The domain name was sold at auction Jan. 6 for $3,300. The new owner is OrtCloud GmbH, which appears to be a Web-hosting service based in Zug, Switzerland. Spineful Web Hosting is a unit of OrtCloud.

The letter published on the website has an image of a jellyfish inside the red circle-slash design that stands for negation. It warns content producers, whom it addresses as “Most Revered Content Creator,” that “to much of the economy today and certainly to most politicians, you have become little more than a means to an end.”

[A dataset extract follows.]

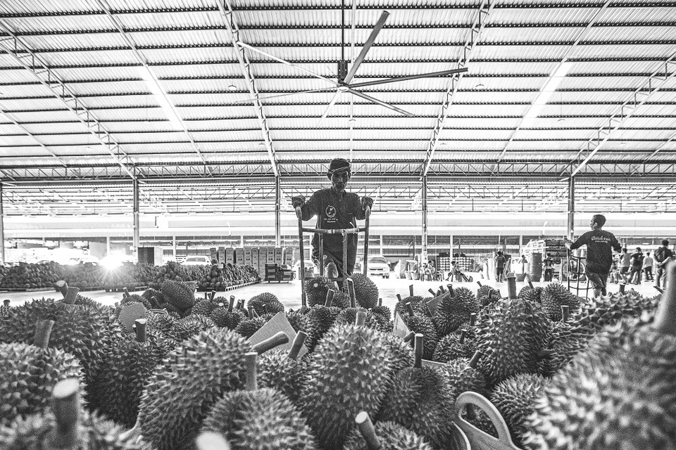 4月26日,在泰国尖竹汶府,工人在榴莲加工厂运输榴莲。

The letter announces a partnership with Mark Randazza and his Randazza Legal Group, which has represented defendants in copyright-infringement cases, including some of those brought by Righthaven. The partnership extends to Brown White & Newhouse LLP, a Los Angeles firm with a criminal-defense focus. said it has teamed with a domain name service that has “a history of treating third party requests skeptically, but respectfully.” The website also contains a link to a page it posted as part of the webwide protests against proposed U.S. copyright legislation.

On Feb. 21 a writ of execution was entered against Righthaven for $34,045.50 in attorney fees. This permits seizure of Righthaven’s personal property, real property, or a lien against real property.

The case is Righthaven LLC v. Wayne Hoehn, 2:11-cv-00050-PMP-RJJ, U.S. District Court, District of Nevada (Las Vegas).

For copyright news, click here.

Elsevier Backs Down From Support for Research Works Act

Reed Elsevier Plc, the London-based publisher of technical and scientific journals, has withdrawn its support of a U.S. bill barring mandated open access to government-funded research.

The publisher said in a statement yesterday that while some publishers and learned societies supported the proposed Research Works Act, “some Elsevier journal authors, editors and reviewers” oppose the measure.

They told the company that the proposed legislation “seemed inconsistent with Elsevier’s long-standing support for expanding options for free and low-cost public access to scholarly literature.”

This statement comes in the wake of the establishment of the Cost of Knowledge website and a boycott by opponents of Elsevier’s publishing policies. By yesterday, that site had more than 7,500 academic signatories who are opposed to Elsevier’s support for the RWA and proposed copyright legislation. They were also complaining about what they said was “exorbitantly high prices” for some of Elsevier’s scholarly journals.

Trade Secrets/Industrial Espionage

States Keep Film Incentive Amounts Under Wraps as Trade Secrets

At least two-thirds of the states that offer financial incentives to film companies to shoot movies with their states maintain that the amount of money they offer is a protected trade secret, the Kansas City Star reported.

States that don’t require public disclosure often get preference over those that reveal how much they offer, according to the Star.

A Massachusetts state lawmaker has sponsored legislation that would mandate disclosure of the identity of those who receive tax credits, including film companies, the Star reported.

Among the films nominated for the 2011 Academy Awards, “The Help” received a spending rebate of $3.5 million from Mississippi,” and “The Tree of Life” received $434,000 in incentives from Texas, while “The Artist” -- winner of the best picture award -- received none, according to the Star.

IP Moves

Departing Shook Hardy Patent Lawyers Start New Kansas IP Firm

Shook Hardy & Bacon LLP of Kansas City, Missouri, lost a group of patent lawyers who left to form Erise IP, the Kansas City Business Journal reported.

Partners Eric Buresh and Adam Seitz led a group of five associates and one patent agent to the new firm, according to the publication.

The Business Journal reported that Shook Chairman John Murphy acknowledged that client Garmin Ltd., the maker of global positioning navigation systems, has gone with the departing lawyers to Erise IP.

Buresh and Seitz were non-equity partners at Shook, Hardy, the journal reported.